12.02.25 –
Am Montag, den 10. Februar fanden sich am Marktplatz in Kulmbach wieder bis zu 350 Menschen ein, um ein Zeichen gegen den Rechtsrutsch und den Tabubruch der CDU-CSU zu setzen. Organisiert von Dagmar Keis-Lechner und Amnesty Kulmbach traten wir ein für Toleranz, für Vielfalt und für eine offene Gesellschaft.
Danke an die Organisator:innen, die Redner:innen um Oberbürgermeister Ingo Lehmann, Tamara Pohl vom DGB und viele mehr.
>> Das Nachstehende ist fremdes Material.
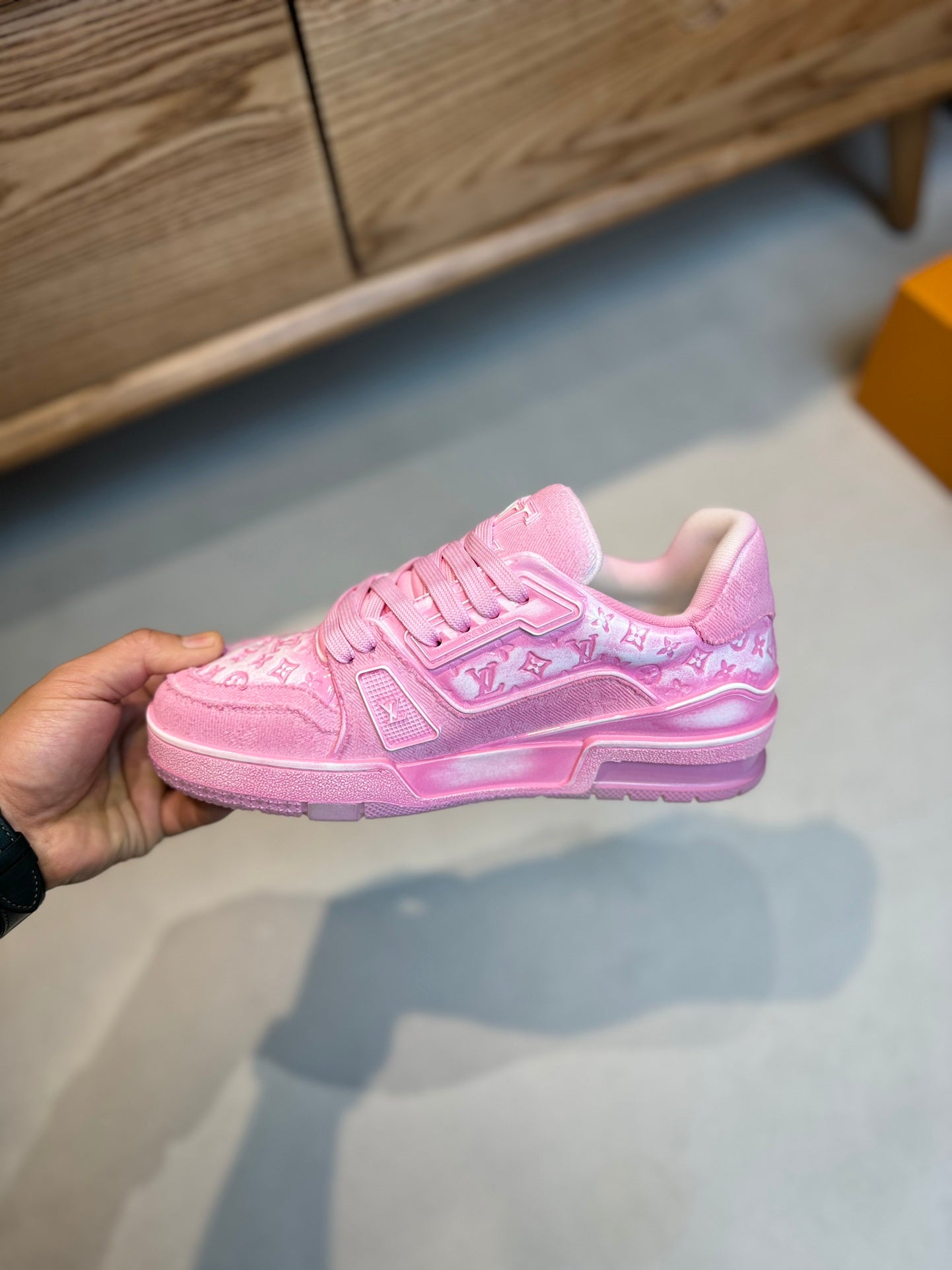 LV TRAINER MONOGRAM DENIM WHITE PINK SNEAKER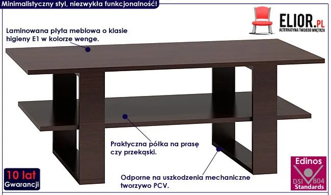 Przedstawiamy Ci zachwycający stolik kawowy Toverio z kolekcji Martis marki Elior. Produkty Elior charakteryzują się wyrazistym designem i dbałością o każdy szczegół mebla, a wdzięk i nowoczesność, jak również mocna i stabilna konstrukcja, to cechy najnowszego mebla Toverio. Ława wykonana została z laminowanej płyty meblowej o klasie higieny E1, uszlachetnionej cienkimi filmami melaminowymi. Posiada także specjalne włókna ułożone różnokierunkowo o strukturze sinusoidalnej, co zapewnia nadanie jej cech jakościowych oraz wytrzymałościowych. Dla zwiększenia wytrzymałości i trwałości mebla, obrzeża ławy wykończono odpornym na uszkodzenia mechaniczne tworzywem PCV. Duża półka na prasę czy przekąski jest niezwykle praktyczna i pomaga Ci zaoszczędzić miejsce na blacie głównym, a także utrzymać na nim porządek. Stonowana kolorystyka i prosta forma sprawiają, że stolik Toverio doskonale sprawdza się we wnętrzach urządzonych w stylu skandynawskim, jak też minimalistycznym czy nowoczesnym. Świetnie nadaje się także do wnętrz dziecięcych czy młodzieżowych. Stwórz w swoim domu niepowtarzalny i ciepły klimat z ławą marki Elior!

Zum ersten Mal ist die Union unter Friedrich Merz dabei, im Bundestag eine Mehrheit mit der
AfD zu bilden. Die Vorschläge von der Union brechen Europarecht und sie würden
Deutschland vollständig abriegeln. Damit macht Friedrich Merz Europa kaputt und riskiert
jede Chance auf europäische Zusammenarbeit. Stattdessen müssen wir die Sicherheit in
Deutschland erhöhen und die Einheit in Europa stärken. Mit Rechtsextremen
zusammenzuarbeiten und Grenzen in Europa zu schließen, ist das Gegenteil davon.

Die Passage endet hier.